I was following this debate pretty closely for the reasons you say. I put myself in both camps in the sense that I do think that there aren’t too many examples in history of [that type of boycott] working. At the same time, as a historian you never want to predict with great certainty about what will and won’t work.
One of the points I made about the abolitionist boycotts is that everyone, including a lot of abolitionists like Garrison, made fun of these people constantly saying, “This is so stupid. There’s no way this is going to stop slavery.” But my argument was that, over the long term, I think that movement got a lot of people who did not live in states with slavery to think about their relationship to slavery in a way that maybe they hadn’t before.
You mentioned the way everything is commodified, and that often works towards individualizing us and alienating us from other people and from ourselves. So I think that fighting back via consumption can bring some of those things together. [It] gets people thinking about collective action.
At the very least, it might shake us out of our normal routine or make us aware that it’s actually not that hard to not buy from Amazon for a day.
Right, exactly.
If you were to advise someone trying to launch an effective economic boycott or blackout, what would you suggest?
Have some concrete connections to why you’re asking people to do something. That’s where I fault at least this one TikTok that I saw; it was just all over the place. Talking about what kind of power consumer power is and how it connects to other forms of power can be helpful.
I’m really a big fan of pointing to the way that consumption connects to ethics and morality. I think a lot of consumers don’t want to support things, especially unintentionally, that promote causes [they] don’t like or promote systems that are oppressive. Where consumer activism has been successful is trying to lay bare things that advertisers and corporations try to smooth over.

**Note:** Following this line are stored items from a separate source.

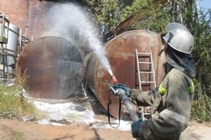 Огонь с загоревшейся цистерны с химикатами перекинулся на кровлю близ стоящего двухэтажного кирпичного производственного цеха - компрессорную.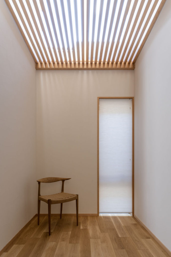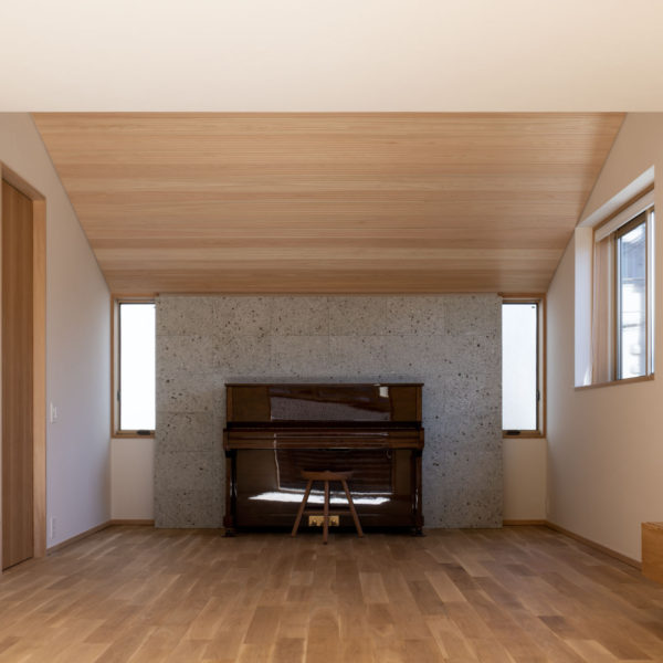 2階リビングは板張りの勾配天井と大谷石のアクセント壁で構成され、特別な場所になりました。ピアノを弾きながら、音楽の流れる時間を愉しむことができます。反対側のフルオープンの窓を開けると、外空間をとても近くに感じることができます。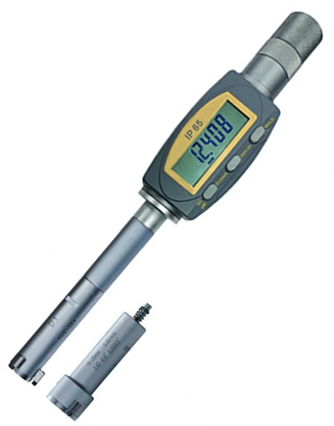 Tri točkovni digitalni notranji mikrometer z dvema merilnima glavama in zaščito IP 65. Primeren za merjenje slepih lukenj.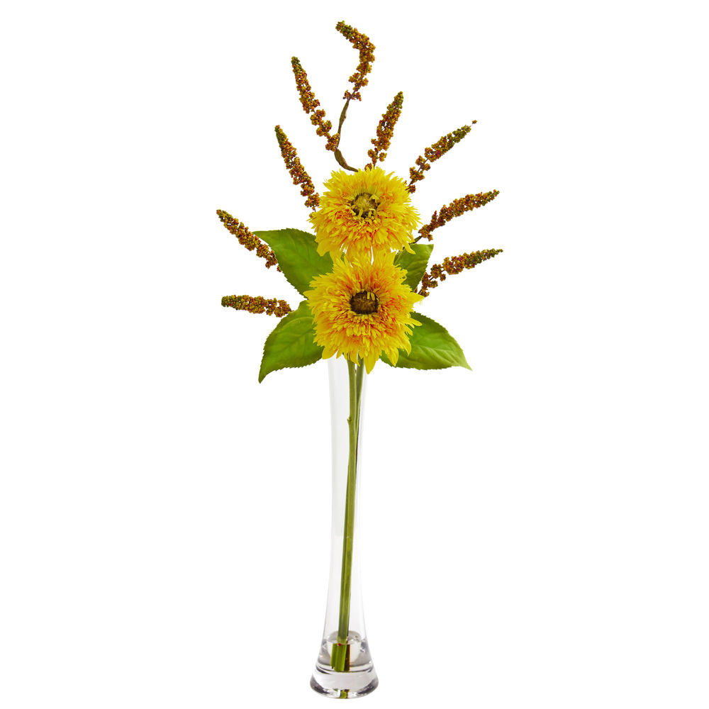 Nearly Natural 32in Sunflower & Berry Artificial Arrangement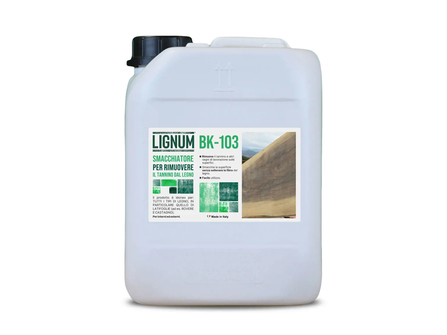 Lignum BK-103 ist ein Produkt auf Wasserbasis zur Entfernung von Gerbsäureflecken und anderen Bearbeitungsspuren auf Holz, insbesondere Eiche und Kastanie.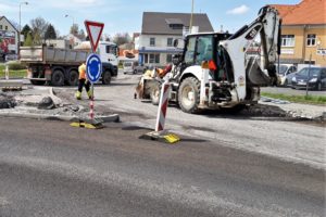 Od 22. března probíhá oprava okružní křižovatky na sil. I/18 a I/66 u Dolejší Obory v Příbrami, kde pracujeme na opravě povrchu, obrubníků, ostrůvků a dle požadavků dopravní policie realizujeme rovněž obnovu vodorovného značení, aby průjezd křižovatkou byl bezpečnější. V pátek jsme přešli na poslední etapu s uzavřením větvě křižovatky do ulice Plzeňské. Po dohodě se zhotovitelem stavby byla o proti původnímu projektu změněna organizace prací, což se projevilo v navýšení počtu etap i změně dopravně inženýrského opatření.

You raise a point about ethics, which can be kind of infuriating and raises questions like, “Is it possible to be an ethical consumer in this system? Is there anywhere I can shop? Do I need to just raise cows on my own farm?”
Those are questions people were asking even in the 19th century. As we moved away from a society of self-sufficient farmers into a market-based society, more and more of us [were] not aware of the providence of the goods we [bought] and the services we [used]. That’s one of the things that consumer politics can do effectively—raise that awareness.